I would probably go with multiple sizes, especially if you grow your own. I grow about 20 varieties of peppers each year and even all the jalapeno types are different sizes. This year I have Chichimeca which is a jumbo size jalapeno, Purple Jalapeno, which is pointy & shorter, and Jaloro, which is a yellow jalapeno. I also have one I call Jumbo Jalapeno (that's a 9" plate) :








I think the question may not be which size holes but how many sizes, and which arrangement/layout to fit the most per your sheet of steel or stainless or whatever material.


EDIT: ANOTHER thing I thought of inorporating was maybe a bottom or bottom strip an inch or more down so the pepper doesn't fall through the hole, especially if they wrinkle up & shrink-- then the holes can be bigger and accomodate more sizes of peppers. Either like a strip across each row, or a bottom with smaller holes to "locate" the pepper in place.


----------



## morkdach (Sep 3, 2009)

I rescued a grocery basket from salvage had broken welds the bottom of the basket has 1" squares made out of 1/8" rod spot welded at every joint my thought was several abt racks will get some pics of this.


----------



## jamesb (Sep 4, 2009)

I've got two pepper racks... Both have 1" holes and seem to work pretty good!


----------



## beer-b-q (Sep 4, 2009)

I have this one made by King Kooker, it has 36 holes and they are 1" but they are too close together and when you add peppers with bacon wrapped around them you have to leave every other hole empty...


----------



## tender loins (Sep 4, 2009)

Is that King Kooker made of stainless? aluminum?

I think that is the one I ordered this morning for $10 at Amazon. I actually ordered a cordless Dremel tool kit to do the puppy's nails and to get free shipping on everything... I can use the Dremel to make the holes bigger for some jumbo jals.


----------



## beer-b-q (Sep 4, 2009)

It is stainless steel, I don't think your dremel would last long trying to make the holes bigger.  The problem with it is not that the holes are too small it is that they are too close together for bigger peppers...


----------



## tender loins (Sep 5, 2009)

I went to our 3rd annual tomato tastefest today, I brought about 40 ABT's and super-smoked (overnight) Dutch's Wicked Beans.
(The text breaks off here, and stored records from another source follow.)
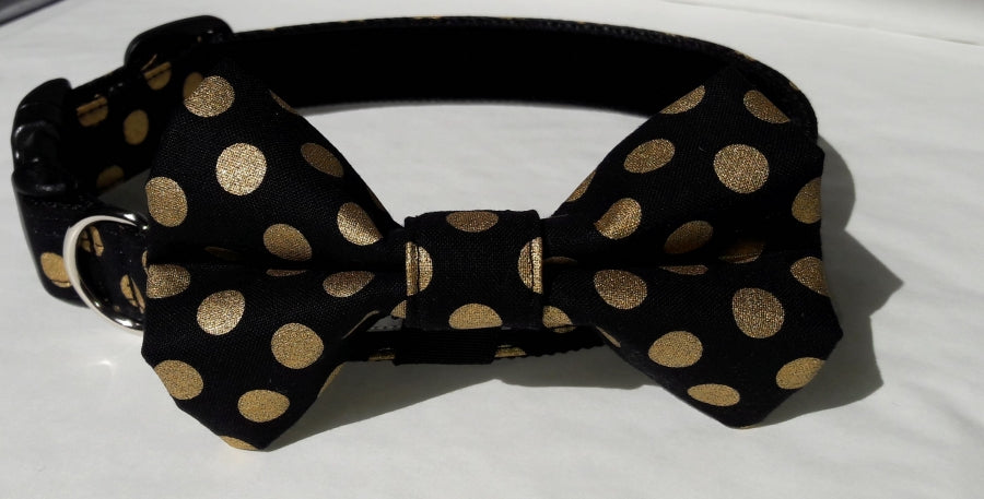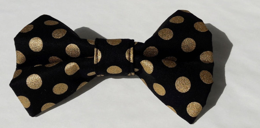 Dress up your dog for those special occasions in this stylish black and gold metallic spot bow tie.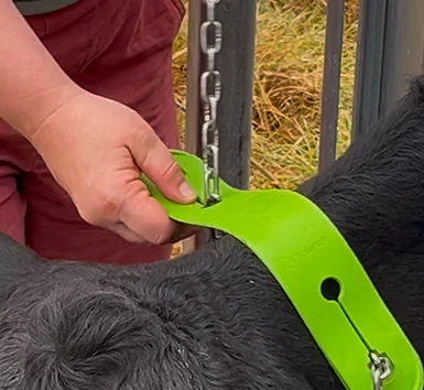 Adjust the chain so the collar can not slip over the cow’s ears.
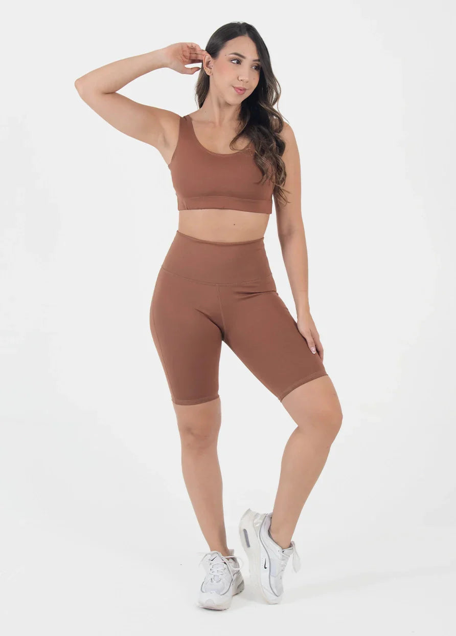 Top: Escote redondo con elástico en la parte inferior para mayor agarre y comodidad.
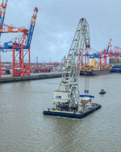 Aprojects organized a smart solution for the customer, as they used the Hachmannkai for the discharge. The discharges were done by the HHLA IV (Floating Crane).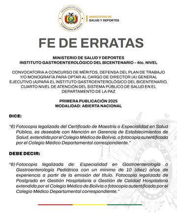 El Ministerio de Salud y Deportes convoca a los 𝗖𝗼𝗻𝘀𝗲𝗷𝗼𝘀 𝗱𝗲𝗽𝗮𝗿𝘁𝗮𝗺𝗲𝗻𝘁𝗮𝗹𝗲𝘀 𝗱𝗲 𝗺𝗲𝗱𝗶𝗰𝗶𝗻𝗮 𝘁𝗿𝗮𝗱𝗶𝗰𝗶𝗼𝗻𝗮𝗹, 𝗖𝗼𝗻𝗳𝗲𝗱𝗲𝗿𝗮𝗰𝗶𝗼𝗻𝗲𝘀 𝗻𝗮𝗰𝗶𝗼𝗻𝗮𝗹𝗲𝘀 𝗱𝗲 𝗺𝗲𝗱𝗶𝗰𝗶𝗻𝗮 𝘁𝗿𝗮𝗱𝗶𝗰𝗶𝗼𝗻𝗮𝗹, 𝗳𝗲𝗱𝗲𝗿𝗮𝗰𝗶𝗼𝗻𝗲𝘀 𝘆 𝗮𝘀𝗼𝗰𝗶𝗮𝗰𝗶𝗼𝗻𝗲𝘀 con personería jurídica vigente, a la reunión para la elección del Director General de Medicina Tradicional que se realizará bajo usos y costumbres el día lunes 12 de enero de 2026 a hrs.09:00 a.m. en el Auditorio del Ministerio de Salud y Deportes.

The ABT's I made I did them by splitting them longways, added cream cheese, a pepperoni type meat tidbit from Aldi that was like a 1" long Slim Jim but meatier & not as dried, then covered with a small piece of pepper jack cheese and finally wrapped with a half slice of bacon stretched around everything.

Needless to say, they were all gone within about 30 minutes! The beans were very dark brown from baking on low heat overnite and were really great.
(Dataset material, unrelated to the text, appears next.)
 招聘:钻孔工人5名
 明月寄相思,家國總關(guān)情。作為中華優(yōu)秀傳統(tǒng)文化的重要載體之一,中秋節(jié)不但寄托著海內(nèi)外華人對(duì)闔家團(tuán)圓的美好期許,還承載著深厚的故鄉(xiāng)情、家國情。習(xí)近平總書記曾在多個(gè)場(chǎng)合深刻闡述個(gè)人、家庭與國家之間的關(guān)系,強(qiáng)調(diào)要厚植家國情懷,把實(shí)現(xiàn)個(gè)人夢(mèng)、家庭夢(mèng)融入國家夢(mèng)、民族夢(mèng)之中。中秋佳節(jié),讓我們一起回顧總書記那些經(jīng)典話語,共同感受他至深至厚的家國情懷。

ANYWAYS, one of the raffle prizes was SOMETHING like a HUGE ABT HOLDER! I never saw anything like its size, it was about 3ft+ long but the holes were around 3" diameter! I asked what it was and they said a pot holder for starting your seeds to grow! It looked like stainless about 3-4ft with the ends folded under/in, and about 8" wide!
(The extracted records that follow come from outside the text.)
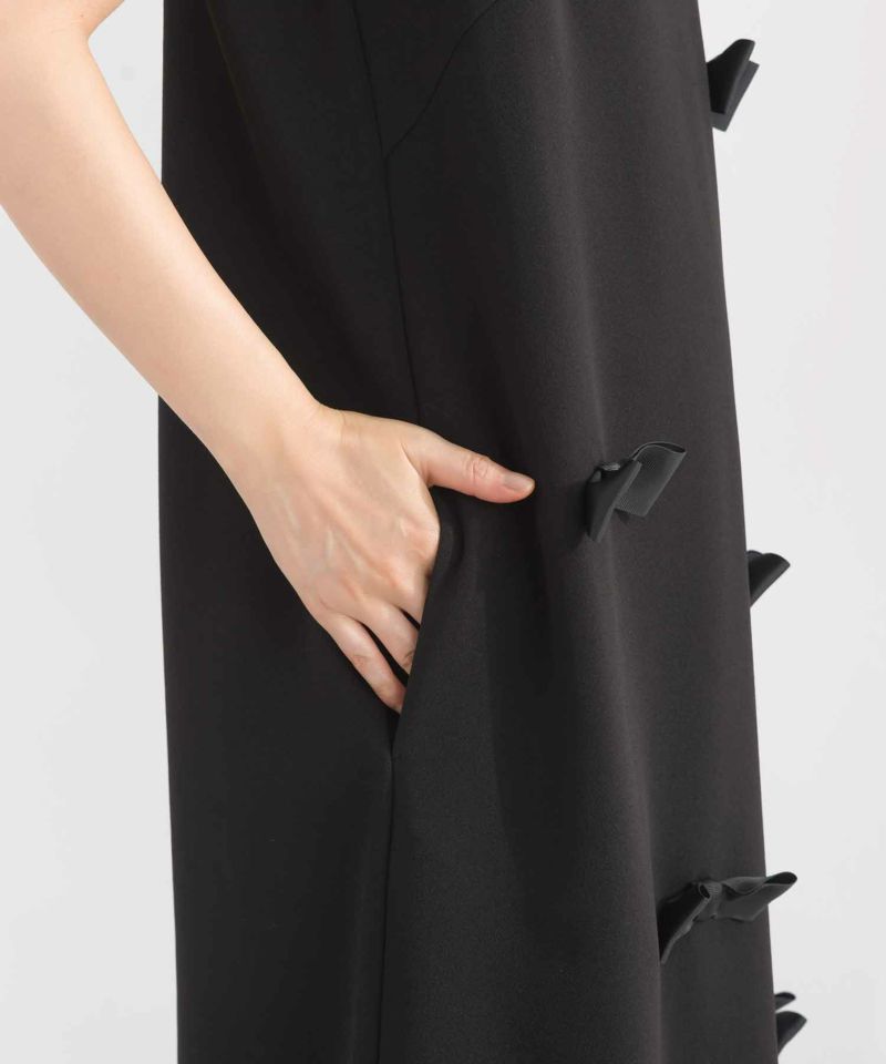 シンプルなジャンパースカートのフロントにグログランリボンを散りばめ、存在感と甘さをプラス。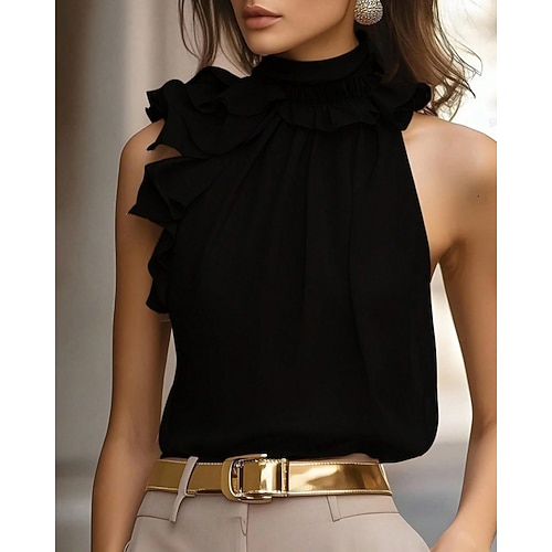 Damen T Shirt Tank Top Einfarbig Elegant Mode Ärmellos Hoher Ausschnitt Normale Oberteile Täglich Ausgehen Wochenende Rüsche Schwarz Rote Braun Khaki Sommer Frühling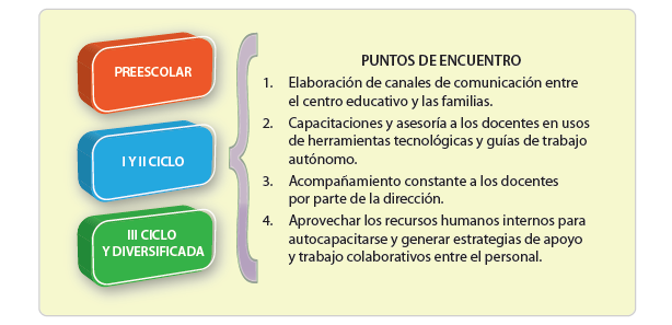 Como se puede observar en la tabla 1, en preescolar y I y II ciclo el trabajo desarrollado incluye directamente a las familias, las cuales juegan un rol muy relevante en el acompañamiento del grupo de estudiantes en el proceso educativo, para esto era necesario, como menciona una de las directoras entrevistadas, empoderar a los miembros encargados, ya que ellos asumieron un papel protagónico en la formación de sus hijos e hijas, especialmente en el seguimiento de los hábitos de estudio, rutinas diarias y disciplina.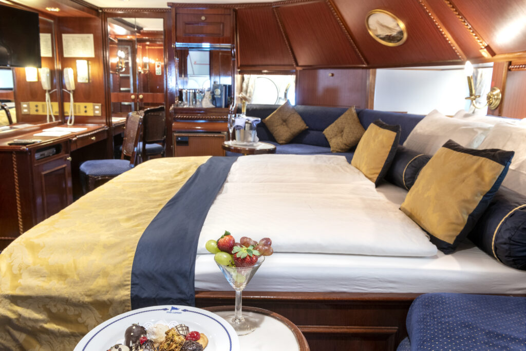Saviez-vous que le Ponant, fleuron de la compagnie du même nom, est le tout premier voilier estampillé Relais & Châteaux ? Et pour cause ! Le fameux trois mâts de la compagnie maritime a tout pour faire rêver les amateurs de croisières de luxe avec seize cabines et suites seulement, un vaste solarium pour siester sur des transats matelassés, de superbes salons aux couleurs des Cyclades, une piscine d’eau de mer, un espace de bien-être et même un restaurant gastronomique grand ouvert sur le large. 32 passagers maximum pour 33 membres d’équipage : autant vous dire que le service est aux petits soins et que tout a été pensé pour que les passagers profitent pleinement de leur navigation ! Une belle invitation à se ressourcer lors d’une croisière tropicale vers le Cap Vert ou les Caraïbes, avec des escales confidentielles, des pauses alanguies sur des plages de sable blanc, des excursions guidées par des passionnés et toutes sortes d’activités pour explorer les lagons.

I asked who donated it or made it and it was a guy that bought tomato plants from me in the past! (He also traded compost and 55 gallon food grade plastic drums for Big Zac & other plants from me a couple years ago.) 

I explained the ABT holder to him and he said just e-mail him a picture or diagram what I need and he'll make me one! 
	

	
	
		
		



		
		
	


	





Maybe if we can all get a consensus agreement on dimensions, hole sizes, etc, we can get into a low volume production? I also know someone that has manufactured some automotive brackets in smaller production for me in the past, (less than 200 pieces) he has a pretty big stamping press in his garage...


----------



## beer-b-q (Sep 5, 2009)

Sounds like it was your lucky day, good score...


----------



## tender loins (Sep 7, 2009)

I never paid attention to the raffle prizes when I got there!

They also had a box of Apple wood!

See the jumbo ABT holder far left! hahaha!


----------